The checks and balances embedded within the three branches of government are also falling in disuse. While Judiciary wields immense authority, it is actually legislature that has the most power to check Trump’s populist whims. The president has little capacity to do anything without the Congress. From raising money to declaring war to staffing his own government, the president is overwhelmingly dependent on Congress’s express permission. Congress has the power to force Trump to release his tax returns or to turn his assets over to a blind trust. They could’ve rejected the nomination of Neil Gorsuch to the Supreme Court- one of the most conservative U.S. justices. They can impeach Trump for the obstruction of justice for firing former-FBI Director James Comey. The Congress can do all these things but they won’t. In amassing unprecedented power and breaking political norms, Trump is doing exactly what the Founders would have expected. The blame rests squarely on Congress which has been subject to greatest political decay. This was something where the framers failed to visualize the future American political trajectory. The Madisonian constitutional system was created on an unwarranted faith that the plurality of interests within the country would resist the creation of organized political parties. This, of course, did not happen. 
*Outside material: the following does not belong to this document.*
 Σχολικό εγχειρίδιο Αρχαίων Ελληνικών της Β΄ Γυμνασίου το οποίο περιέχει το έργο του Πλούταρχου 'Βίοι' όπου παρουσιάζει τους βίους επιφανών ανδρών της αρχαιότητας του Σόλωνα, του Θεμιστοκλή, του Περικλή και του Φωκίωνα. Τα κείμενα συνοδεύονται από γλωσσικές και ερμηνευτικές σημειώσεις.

The checks and balances operate under the assumption that each branch would compete for its own authority and exert its independent influence and the natural by-product of this setting would be a balance of power among the branches. This framework has been undermined due to the presence of organized and ideologically-driven political parties which are competing across the the three branches of government. For instance, after the death of Supreme Court Justice Antonin Scalia, President Obama nominated Merrick Garland for the vacant position. The Republican-controlled Senate, however, filibustered Garland’s nomination. Later, when democrats tried to do the same Trump’s nomination of Neil Gorsuch, the Republicans resorted to the ‘nuclear option’-  a parliamentary procedure which allows the U.S. Senate to override a precedent or rule by a simple majority of 51 votes  rather than by a supermajority of 60 votes. They criticized filibuster as an unnecessary obstructionism on part of Democratic Senators. This reflects the extent to which partisanship has been institutionalised in American political culture. Congressional members today are less interested in protecting the authority of their institution than in toeing the party line. Consequently, Trump is increasingly accumulating more power, dismantling the centrist schemes of Obama administration, and abusing power without the fear of impeachment.
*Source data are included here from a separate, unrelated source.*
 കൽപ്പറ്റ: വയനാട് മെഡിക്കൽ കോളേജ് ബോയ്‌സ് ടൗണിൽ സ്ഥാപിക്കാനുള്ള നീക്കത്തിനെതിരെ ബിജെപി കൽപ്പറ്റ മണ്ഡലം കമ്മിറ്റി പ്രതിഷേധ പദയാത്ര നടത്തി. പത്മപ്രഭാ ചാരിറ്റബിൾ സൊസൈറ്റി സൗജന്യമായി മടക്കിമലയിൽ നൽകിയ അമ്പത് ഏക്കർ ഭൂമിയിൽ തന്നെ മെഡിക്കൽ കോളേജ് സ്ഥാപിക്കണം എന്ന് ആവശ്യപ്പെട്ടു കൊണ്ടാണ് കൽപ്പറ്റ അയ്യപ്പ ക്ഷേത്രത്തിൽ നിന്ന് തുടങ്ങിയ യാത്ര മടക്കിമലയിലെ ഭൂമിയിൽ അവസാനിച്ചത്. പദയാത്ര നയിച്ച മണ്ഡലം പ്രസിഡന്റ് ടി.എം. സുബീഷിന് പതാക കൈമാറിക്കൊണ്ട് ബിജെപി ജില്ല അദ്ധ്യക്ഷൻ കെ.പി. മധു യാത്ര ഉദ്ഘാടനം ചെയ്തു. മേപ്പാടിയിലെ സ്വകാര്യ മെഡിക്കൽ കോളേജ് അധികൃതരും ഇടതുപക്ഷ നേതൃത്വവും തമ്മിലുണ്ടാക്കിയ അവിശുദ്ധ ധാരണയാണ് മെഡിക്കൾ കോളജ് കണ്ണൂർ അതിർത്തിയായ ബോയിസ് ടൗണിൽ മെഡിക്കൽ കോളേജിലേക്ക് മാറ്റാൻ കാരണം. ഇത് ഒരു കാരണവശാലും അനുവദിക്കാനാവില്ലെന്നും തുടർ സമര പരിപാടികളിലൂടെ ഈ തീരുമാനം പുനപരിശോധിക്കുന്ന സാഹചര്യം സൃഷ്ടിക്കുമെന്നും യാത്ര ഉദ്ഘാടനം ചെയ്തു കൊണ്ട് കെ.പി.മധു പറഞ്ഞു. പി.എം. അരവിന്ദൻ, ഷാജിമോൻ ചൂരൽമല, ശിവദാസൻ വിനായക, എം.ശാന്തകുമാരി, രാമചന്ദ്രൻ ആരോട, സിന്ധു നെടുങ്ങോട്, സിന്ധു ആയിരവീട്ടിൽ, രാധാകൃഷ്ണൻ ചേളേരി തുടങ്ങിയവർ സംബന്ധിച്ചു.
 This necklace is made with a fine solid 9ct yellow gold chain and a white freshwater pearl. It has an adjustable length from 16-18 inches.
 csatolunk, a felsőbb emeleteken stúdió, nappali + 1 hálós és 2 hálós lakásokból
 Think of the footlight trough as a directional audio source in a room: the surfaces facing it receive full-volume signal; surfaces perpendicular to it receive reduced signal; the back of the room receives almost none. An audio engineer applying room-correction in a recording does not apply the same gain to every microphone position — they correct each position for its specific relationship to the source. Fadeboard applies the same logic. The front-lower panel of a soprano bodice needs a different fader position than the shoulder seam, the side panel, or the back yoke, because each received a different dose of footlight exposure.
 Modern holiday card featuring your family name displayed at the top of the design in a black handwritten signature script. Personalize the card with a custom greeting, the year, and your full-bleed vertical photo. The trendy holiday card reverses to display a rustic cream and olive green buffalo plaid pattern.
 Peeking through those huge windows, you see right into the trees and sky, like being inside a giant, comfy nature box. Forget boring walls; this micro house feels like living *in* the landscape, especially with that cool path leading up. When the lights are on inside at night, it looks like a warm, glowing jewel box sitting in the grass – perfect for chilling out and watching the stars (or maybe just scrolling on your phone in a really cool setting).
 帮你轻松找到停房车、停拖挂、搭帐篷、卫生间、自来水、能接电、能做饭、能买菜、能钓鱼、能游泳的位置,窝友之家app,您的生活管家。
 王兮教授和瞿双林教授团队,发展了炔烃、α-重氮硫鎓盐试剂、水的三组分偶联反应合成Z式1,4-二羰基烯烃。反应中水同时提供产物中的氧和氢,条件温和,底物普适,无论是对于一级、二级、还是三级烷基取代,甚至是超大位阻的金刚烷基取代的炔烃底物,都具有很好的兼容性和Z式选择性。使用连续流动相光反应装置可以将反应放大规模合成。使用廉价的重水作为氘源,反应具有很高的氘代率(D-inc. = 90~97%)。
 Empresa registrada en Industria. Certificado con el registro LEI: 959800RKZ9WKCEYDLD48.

President Donald Trump’s barrage of attacks on the foundations of democratic governance- threatening checks and balances, civil rights and liberties, and long-established political norms- is not the cause of American political decay but its causal effect. Just like in the past, the current equilibrium in the decayed American political system can only be knocked off by either a strong external shock or a large-scale reform coalition in order to make real policy reform possible. Till then, the world’s oldest constitutional democracy would continue to make a mockery of democratic norms.